OpenSourceEcon / BootCamp2019

Repository of syllabi, lecture notes, Jupyter notebooks, code, and problem sets for OSE Lab Boot Camp 2019
88 stars 97 forks source link

Machine Learning material #14

Open jeannesorin opened 5 years ago

jeannesorin commented 5 years ago

What material do you have on machine learning?

Xincheng-Qiu commented 5 years ago

The 2018 AEA Continuing Education Webcasts on Machine Learning and Econometrics by Susan Athey and Guido Imbens might be a place to start~ https://www.aeaweb.org/conference/cont-ed/2018-webcasts

rickecon commented 5 years ago

Great reference above to the Susan Athey material. I have taught intro to machine learning for economists every year in the M.A. Program in Computational Economics at the University of Chicago. My most recent Jupyter notebooks are the persp-model-econ_W19/Notebooks/ directory of my modeling course repository. You might just want to fork and clone the whole repo. There are some nice problem sets in this repo. I have listed the machine learning notebooks below with a short description. But I will be updating these notebooks and covering them in the last week of the boot camp. In particular, I will reference some of the content covered by John Rust, Sanjog Misra, and Whitney Newey in the DSE Summer School today and yesterday.
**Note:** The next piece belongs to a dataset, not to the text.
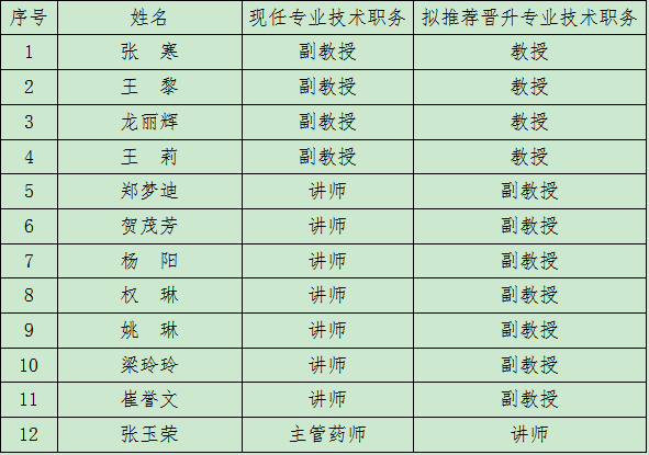 根据《西安医学院专业技术职务晋升评审条件暂行规定》(西医发〔2018〕38号)、《西安医学院专业技术职务评聘工作条例(试行)》(西医党发〔2018〕42号)、《西安医学院关于2020年职称评审工作的通知》(西医发〔2020〕104号),经西安医学院药学院、西安医学院第一附属医院初审,人事处复审,2020年11月19日药学院药学及管理学(医药市场营销)学科评议组评审,通过药学院职称工作领导小组审议,拟推荐以下12名教师晋升相应专业技术职务,并参加学校职称评审委员会审定,现予以公示(见下表),公示期3天。

  1. Classification notebook. This notebook goes through logit, multinomial logit, and K Nearest Neighbors.
  2. Resampling methods. How to implement the paradigm of cross validation through k-folds and bootstrapping of estimating your model multiple times on training sets and measuring accuracy on test set. This is one of the most important contributions of the machine learning advances in economics, almost as important as the new models.
  3. Tree-based methods. This notebook goes through decision trees and random forest methods. These end up being powerful machine learning methods that sometimes beat neural nets in accuracy. Also, this notebook introduces the concept of tuning hyperparameters to maximize test set accuracy. This is a powerful concept that is the basis for what TensorFlow is good at.
  4. Support vector machines. SVM is an important classifier.
  5. Neural nets. This is an introduction to neural networks. The notebook takes you through the multi-layer perceptron (MLP) model that includes hidden layer (deep nets).